Above is the task in Lipo dataset -  we have 1 tasks, corresponding to different lipophilicity targets, such as cell receptors and stress response pathways.

In [6]:
datasets

(<DiskDataset X.shape: (3360, 1024), y.shape: (3360, 1), w.shape: (3360, 1), task_names: ['exp']>,
 <DiskDataset X.shape: (420, 1024), y.shape: (420, 1), w.shape: (420, 1), ids: ['Nc1nccc(\\C=C\\c2ccc(Cl)cc2)n1'
  'CC(=O)Nc1ccc2ccn(c3cc(NCCCN4CCCC4)n5ncc(C#N)c5n3)c2c1'
  'OC(CN1CCOCC1)c2ccccc2' ...
  'COc1cc(CCc2cc(Nc3ccnc(NCc4ccccn4)n3)n[nH]2)cc(OC)c1'
  'CCN(CC)C(=O)c1ccc(cc1)C(=C2CCN(Cc3ccc(F)cc3)CC2)c4cccnc4'
  'CC(C)(C(=O)Nc1oc(nn1)C(=O)Nc2ccc(cc2)N3CCOCC3)c4ccc(Cl)cc4'], task_names: ['exp']>,
 <DiskDataset X.shape: (420, 1024), y.shape: (420, 1), w.shape: (420, 1), ids: ['O[C@@H](CNCCCOCCNCCc1cccc(Cl)c1)c2ccc(O)c3NC(=O)Sc23'
  'NC1=NN(CC1)c2cccc(c2)C(F)(F)F'
  'COc1cc(ccc1Cn2ccc3ccc(cc23)C(=O)NCC4CCCC4)C(=O)NS(=O)(=O)c5ccccc5' ...
  'CCCSc1ncccc1C(=O)N2CCCC2c3ccncc3' 'Oc1ncnc2scc(c3ccsc3)c12'
  'OC1(CN2CCC1CC2)C#Cc3ccc(cc3)c4ccccc4'], task_names: ['exp']>)

There are three dataset objects - train split, val split and test split. Each split consists of X and y - X is the features and y is the output label. Froe example the train split has X.shape (3360, 1024)
and y.shape (3360, 1). This implies that there are 3360 samples in the train split - and each sample is represented by an ECFP vector of size 1024. 

##Training a Model on Fingerprints

In [24]:
model = dc.models.MultitaskClassifier(n_tasks=1, n_features=1024, layer_sizes=[1000])

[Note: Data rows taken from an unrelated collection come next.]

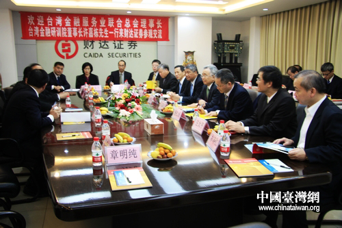 11月30日上午,“台湾金融团”来到石家庄市财达证券公司进行参观访问。(中国台湾网 马迪 摄)
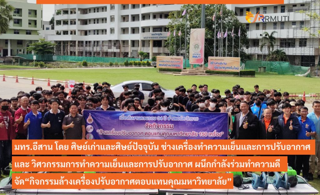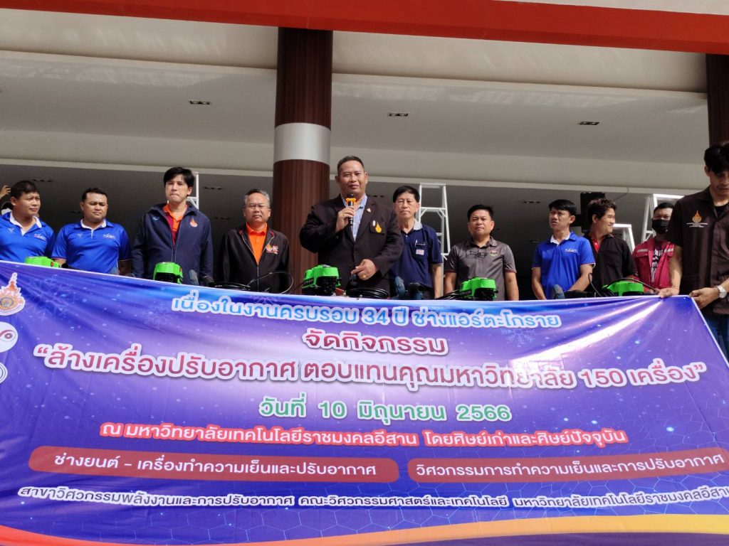 วันที่ 10 มิถุนายน 2566 มหาวิทยาลัยเทคโนโลยีราชมงคลอีสาน โดย รองศาสตราจารย์ ดร.โฆษิต ศรีภูธร อธิการบดี มทร.อีสาน เป็นประธานกล่าวเปิด กิจกรรมล้างเครื่องปรับอากาศตอบแทนคุณมหาวิทยาลัย ซึ่งจัดโดย ศิษย์เก่าและศิษย์ปัจจุบัน สาขาวิศวกรรมพลังงานและการปรับอากาศ คณะวิศวกรรมศาสตร์และเทคโนโลยี ณ มหาวิทยาลัยเทคโนโลยีราชมงคลอีสาน นครราชสีมา พร้อมลงพื้นที่ให้กำลังใจแก่นักศึกษาที่ปฏิบัติงาน และพบปะพูดคุยกับศิษย์เก่า เพื่อสร้างความสัมพันธ์อันดีร่วมกัน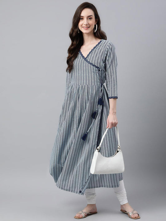 White Cotton Chevron Block Print Angrakha Kurta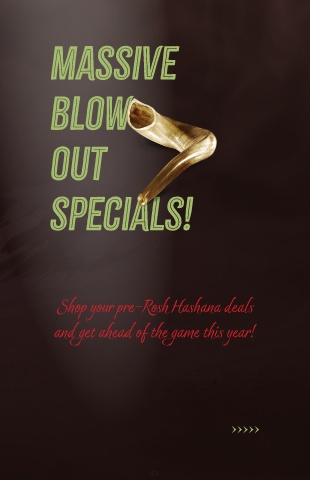 Massive blow- out specials! Shop your pre-Rosh Hashana deals and get ahead of the game this year! >>>>> 51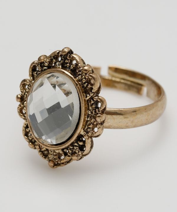 カットビジューがきらめく、クラシカルなフレームデザインのリング。アンティーク調の台座が上品な雰囲気を演出し、指先にヴィンテージライクな華やぎを添えます。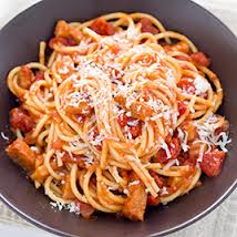 To create an authentic-tasting version of Pasta All’Amatriciana we needed an alternative to hard-to-find guanciale, or cured pork jowl. Humble salt pork, though an unlikely solution, provided the rich, clean meatiness we were after. To ensure tender bites of pork throughout, we first simmered it in water to gently cook it and render fat, a step that allowed the meat to quickly turn golden once the water evaporated. Finally, to ensure the grated Pecorino Romano didn’t clump in the hot sauce, we first mixed it with a little cooled rendered pork fat. Now the flavor of pork, tomato, chili flake, and Pecorino shine through in each bite.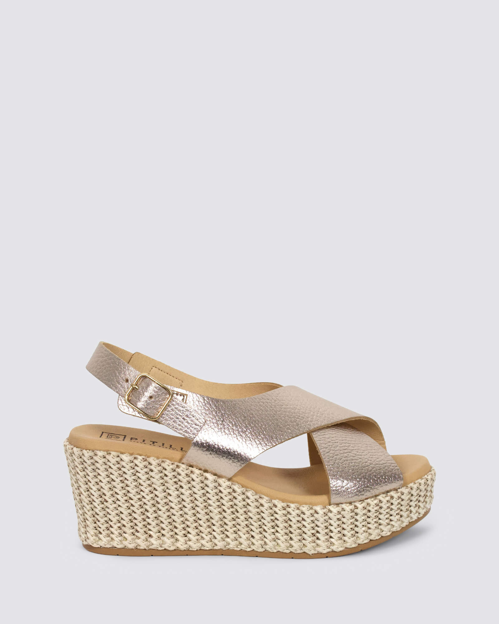 10570 wedge sandals in Oro Metallic by Pitillos feature a 7 cm wedge with a 3.5 cm platform, criss-cross straps, and adjustable buckle. Chic, secure, and perfect for summer gatherings.

`MultitaskClassifier` is a simple stack of fully connected layers. A single hidden layer of width 1000 is used. Each input will have 1024 features, and it should produce predictions for 1 task.

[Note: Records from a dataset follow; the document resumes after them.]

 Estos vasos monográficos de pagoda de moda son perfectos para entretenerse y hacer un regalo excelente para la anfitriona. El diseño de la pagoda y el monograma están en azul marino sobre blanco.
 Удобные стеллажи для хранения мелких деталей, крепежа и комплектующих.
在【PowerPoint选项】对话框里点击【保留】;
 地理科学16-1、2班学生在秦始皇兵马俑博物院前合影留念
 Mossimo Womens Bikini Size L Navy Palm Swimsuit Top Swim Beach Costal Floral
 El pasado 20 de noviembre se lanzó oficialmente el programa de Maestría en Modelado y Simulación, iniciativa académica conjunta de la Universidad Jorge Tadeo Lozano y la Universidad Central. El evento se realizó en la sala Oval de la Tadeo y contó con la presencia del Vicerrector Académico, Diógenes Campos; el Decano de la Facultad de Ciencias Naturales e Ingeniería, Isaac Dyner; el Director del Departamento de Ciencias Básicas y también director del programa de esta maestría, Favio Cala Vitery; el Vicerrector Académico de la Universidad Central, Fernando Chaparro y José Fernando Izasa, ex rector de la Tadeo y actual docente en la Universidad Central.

Note that the above network is performing learning - a single network is used for the task. This is because inter task correlations exist in the data, and to take if advantage of this single neural network is used for multiple tasks.

In [25]:
import numpy as np

model.fit(train_dataset, nb_epoch=10)
metric = dc.metrics.Metric(dc.metrics.roc_auc_score)
print('training set score:', model.evaluate(train_dataset, [metric], transformers))
print('test set score:', model.evaluate(test_dataset, [metric], transformers))

ValueError: ignored

The training set score is much higher than test set score. This indicates overfitting - and is why metrics on the validation set need to be measured in otder to tune parameters and detect overfitting.